From the Editors of E/The Environmental Magazine

Wash Before Eating
Is there a way to wash the pesticides off fruits and vegetables before we eat them?

Many fruits and vegetables sold in the United States today are treated with pesticides, and residues of these potentially harmful chemicals often remain on their surfaces. Rinsing all produce thoroughly before eating is always a good idea, but many pesticides, fungicides and other agricultural chemicals are trapped under a wax coating that was added to resist water and prolong shelf life. Rinsing produce with just plain water is not enough to do that job. Several companies have developed products that can help.

Organiclean - containing extracts from coconut, sugar cane, sugar maple, bilberry, orange and lemon - is completely biodegradable, organic and a registered kosher product. The manufacturer claims that the product is ideal for hard-to-clean produce like strawberries, raspberries, spinach, lettuce and broccoli. It comes in an eight-ounce plastic spray bottle.

Another option is Veggie-Wash, from Citrus Magic. Made of natural vegetable-based ingredients from citrus fruit, corn and coconut, and containing no preservatives, Veggie-Wash comes in a 16-ounce or 32-ounce spray bottles as well as gallon refills. Meanwhile, Fit Fruit & Vegetable Wash spray is made from citric acid and grapefruit oil and claims to remove 98 percent more pesticides, waxes and other contaminants versus washing with water alone. Fit comes in 12-ounce spray bottles and 32-ounce refills.

For those inclined to more homespun solutions, various combinations of common pantry items work well, too. One recipe calls for soaking produce for five minutes in a 50/50 solution of white vinegar and water, while another calls for spraying fruits and vegetables with a combination of one tablespoon of lemon juice, two tablespoons of baking soda and one cup of water. Meanwhile, Consumer Reports says that a diluted wash of dish detergent followed by a tap water rinse eliminates pesticide residues on most fruits and vegetables. After any such treatments, all produce should be rinsed thoroughly in plain water prior to eating or cooking.

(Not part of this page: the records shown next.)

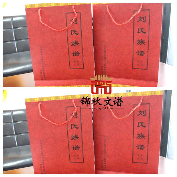 在劉氏家族的要求下,錦秋文譜為其家族設(shè)計了手提袋。整體以紅色為主,黃色為輔,字體采用黑色宋體的設(shè)計。正面寫著:“劉氏族譜,敦厚堂記,江蘇省宿遷市劉氏家族續(xù)修委員會,二〇二三癸卯年續(xù)修”的字樣。反面寫著:“我從哪里來家譜有記載,我到哪里去族譜有延續(xù)。宿遷市劉氏家譜續(xù)修紀(jì)念,壬寅仲夏本族堂第九氏孫明中立?!笔痔岽闹饕饔檬菫榱饲迕骷雷孢^程中,更好的為族人頒發(fā)族譜 ,以示重視。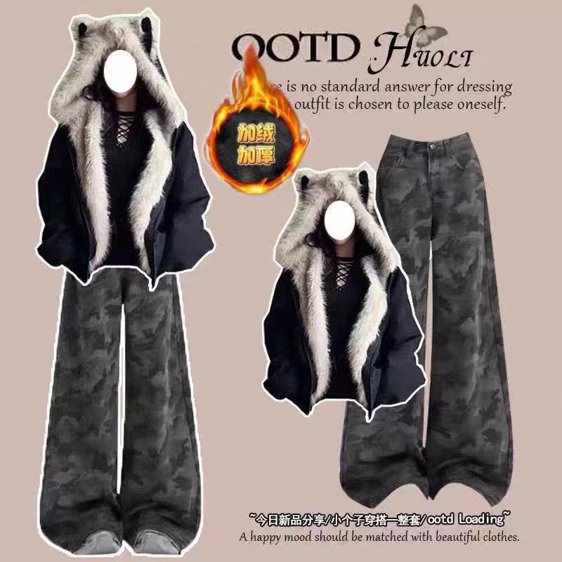 少女休闲时尚套装女初高中学生加绒外套学院风加厚阔腿裤两件套冬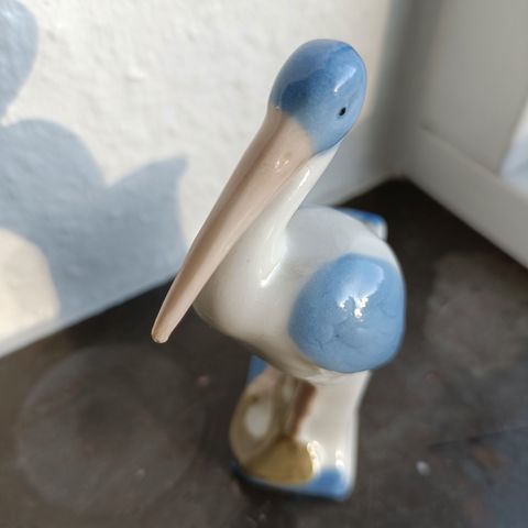 Sjov lille keramik pynteting - formentlig en vase, har meget lille hul i toppen, så bare til en enkelt lille blomst. Rød dekor. Signeret Mørk, ukendt for mig.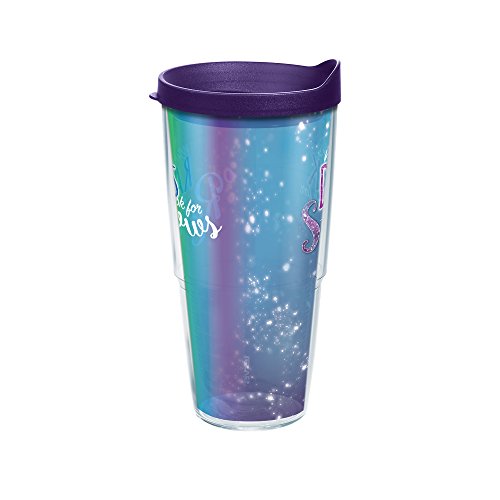 Tervis When It Rains Look For Rainbows Wrap Tumbler with Royal Purple Lid, 24 oz, Clear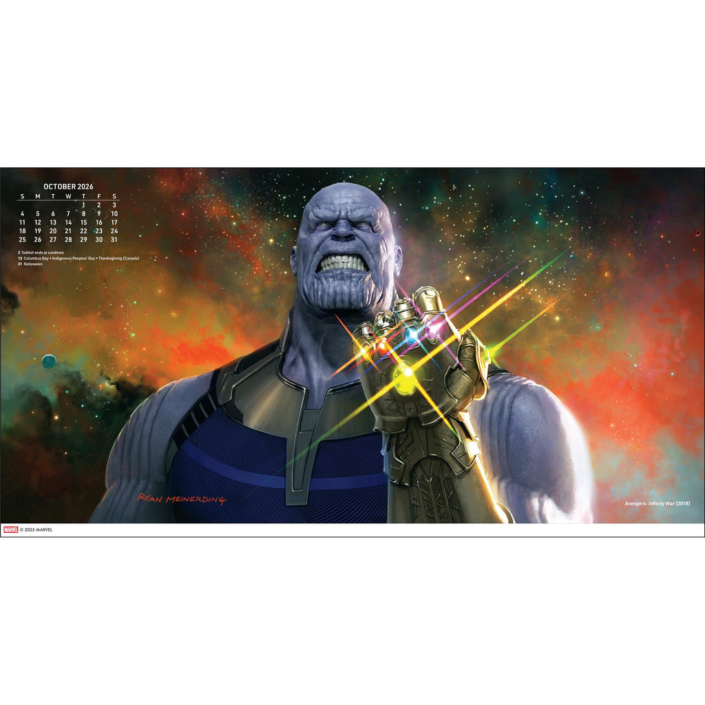 Ryan Meinerding, directeur du développement visuel chez Marvel Studios, est une figure créative incontournable depuis les débuts d'Iron Man (2008), contribuant largement à la conception visuelle des super-héros et super-vilains emblématiques de l'univers cinématographique Marvel. Son style unique et iconique est ici mis en valeur à travers 13 images dynamiques et pleines d'action. Avec des héros légendaires tels que Captain America, Black Panther, Doctor Strange, Hulk et bien d'autres, ce calendrier mural de 12 mois est un must pour tout fan de Marvel. Également disponible : Marvel Studios : L'Art de Ryan Meinerding (Abrams, automne 2024). Caractéristiques : 30,5 x 30,5 cm (30,5 x 61 cm ouvert). Imprimé sur papier certifié FSC® avec des encres à base de soja. Planification de septembre à décembre 2025. Couvre janvier à décembre 2026. Grand espace quadrillé pour les notes, rendez-vous et rappels. Jours fériés et commémorations officiels. Phases de la lune, selon le temps universel. 13 images des super-héros et super-vilains Marvel les plus appréciés.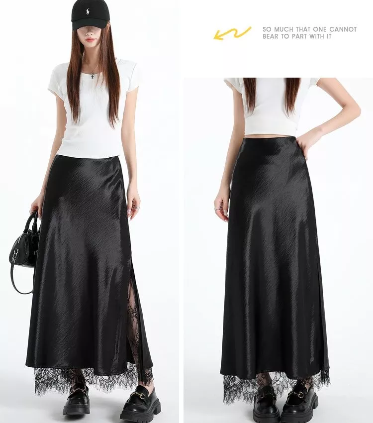 Gonna Lunga Elegante Nero Effetto Raso Con Spacco E Pizzo Sensuale CF69813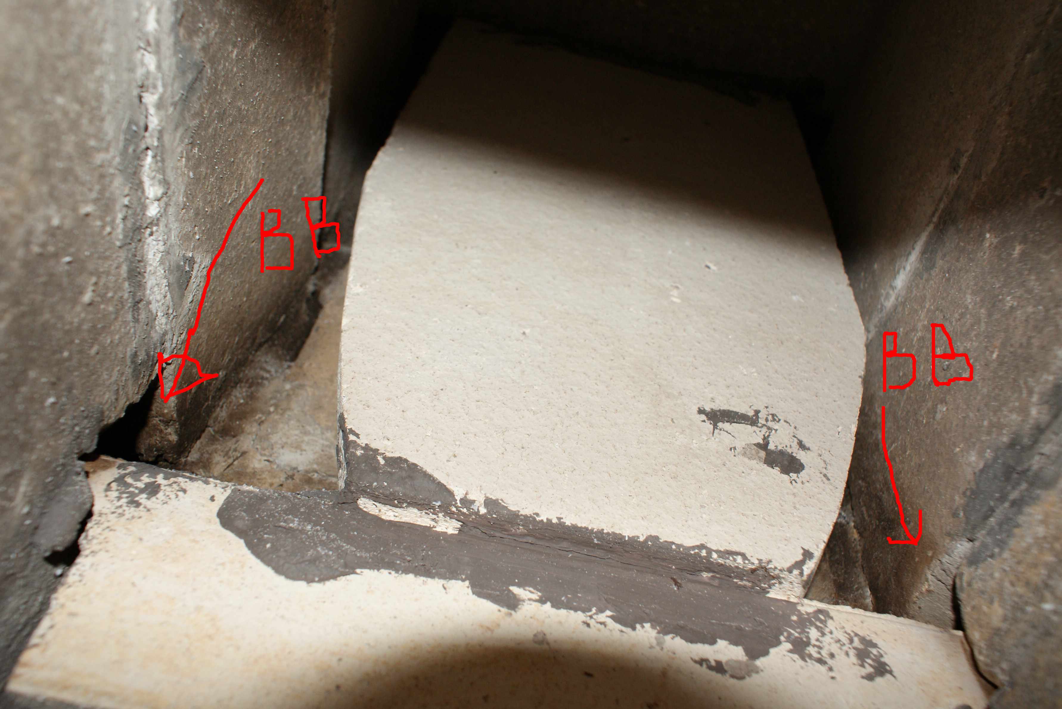 Шамот над топочной дверкой как и ожидалось при сильном нагреве расширяется и появляются горизонтальные трещинки в кладке которые исчезают при остывании.

Some analysts think that washing produce is not needed given strict Food and Drug Administration regulations about pesticide residues. "In the U.S., theres very little produce with pesticide residues anywhere near the allowed tolerance levels," says Elizabeth Andress, a food safety specialist with the University of Georgias Center for Food Safety. "If you use a produce wash, you may be reducing the levels of pesticide residues," she says. "But the levels were nowhere near harmful to begin with."

Nonetheless, the U.S. Environmental Protection Agency says that the only way to ensure avoidance of pesticide residues is to buy certified organic produce only. The majority of supermarkets in the U.S. stock pesticide-free organic produce for those willing to spend a few more pennies per item. Consumers should note, however, that even organic produce should be washed before eaten, even if just to remove the impurities caused by human handling.